◆ **WORK TO BE COMPLETED**:
Repeat only the lines below from the one containing "서천군 인구는 1966년" through the one containing "Elegantní šortky z", inclusive, exactly as written.

◆ **INPUT**:
::::::

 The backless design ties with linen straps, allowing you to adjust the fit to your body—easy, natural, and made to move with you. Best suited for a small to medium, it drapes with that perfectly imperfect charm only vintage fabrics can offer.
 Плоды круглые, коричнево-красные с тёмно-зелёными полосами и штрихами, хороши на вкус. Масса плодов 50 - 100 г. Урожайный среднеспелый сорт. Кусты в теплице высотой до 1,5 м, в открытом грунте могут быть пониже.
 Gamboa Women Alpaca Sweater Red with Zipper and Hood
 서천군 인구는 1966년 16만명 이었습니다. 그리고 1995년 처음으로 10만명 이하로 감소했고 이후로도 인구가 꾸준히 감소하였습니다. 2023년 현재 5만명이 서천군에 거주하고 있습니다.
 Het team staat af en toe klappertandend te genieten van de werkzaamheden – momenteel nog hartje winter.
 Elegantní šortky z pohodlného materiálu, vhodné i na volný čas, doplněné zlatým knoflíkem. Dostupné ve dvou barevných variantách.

::::::

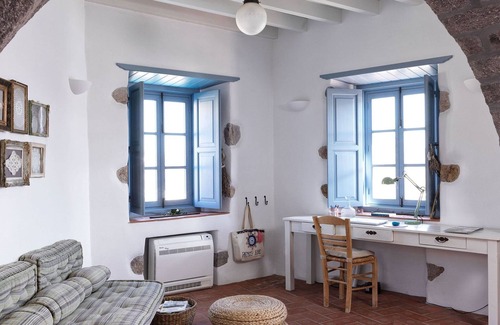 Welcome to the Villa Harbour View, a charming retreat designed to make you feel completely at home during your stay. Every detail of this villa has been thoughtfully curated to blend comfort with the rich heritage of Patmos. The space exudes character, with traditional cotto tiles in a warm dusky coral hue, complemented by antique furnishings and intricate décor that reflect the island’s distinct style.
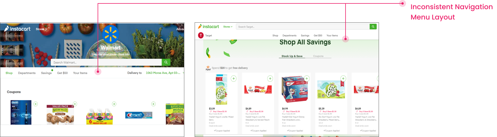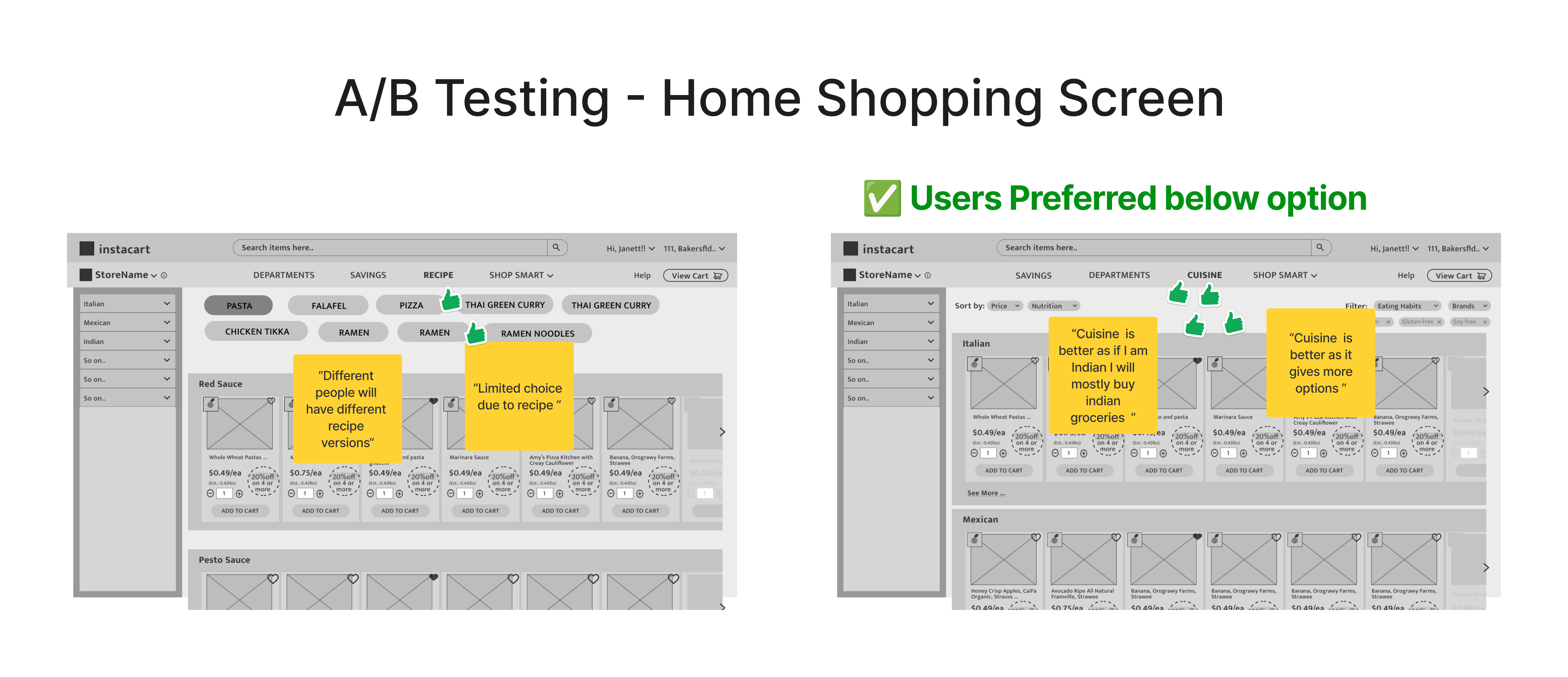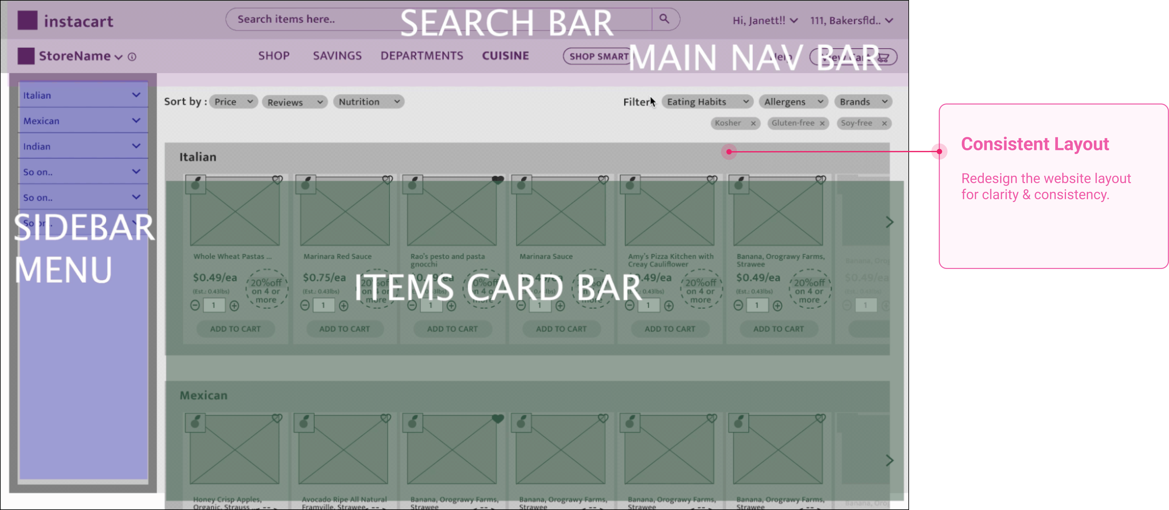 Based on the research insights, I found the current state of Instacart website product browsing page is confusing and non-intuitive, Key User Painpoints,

::::::

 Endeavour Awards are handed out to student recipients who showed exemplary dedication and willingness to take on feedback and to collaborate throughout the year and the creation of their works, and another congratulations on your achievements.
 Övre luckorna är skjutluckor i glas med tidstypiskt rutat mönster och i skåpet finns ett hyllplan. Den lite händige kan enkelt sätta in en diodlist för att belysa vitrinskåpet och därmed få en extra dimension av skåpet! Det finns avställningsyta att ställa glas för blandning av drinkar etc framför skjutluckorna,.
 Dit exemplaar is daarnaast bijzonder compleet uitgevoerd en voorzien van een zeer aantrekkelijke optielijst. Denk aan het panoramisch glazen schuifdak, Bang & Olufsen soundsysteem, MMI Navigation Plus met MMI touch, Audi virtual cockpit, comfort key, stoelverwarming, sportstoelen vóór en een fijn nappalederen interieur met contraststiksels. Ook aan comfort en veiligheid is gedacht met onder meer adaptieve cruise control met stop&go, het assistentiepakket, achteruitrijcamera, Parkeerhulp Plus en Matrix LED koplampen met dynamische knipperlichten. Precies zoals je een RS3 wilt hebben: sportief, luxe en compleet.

::::::

◆ **RESULT OF THIS TASK**:
 서천군 인구는 1966년 16만명 이었습니다. 그리고 1995년 처음으로 10만명 이하로 감소했고 이후로도 인구가 꾸준히 감소하였습니다. 2023년 현재 5만명이 서천군에 거주하고 있습니다.
 Het team staat af en toe klappertandend te genieten van de werkzaamheden – momenteel nog hartje winter.
 Elegantní šortky z pohodlného materiálu, vhodné i na volný čas, doplněné zlatým knoflíkem. Dostupné ve dvou barevných variantách.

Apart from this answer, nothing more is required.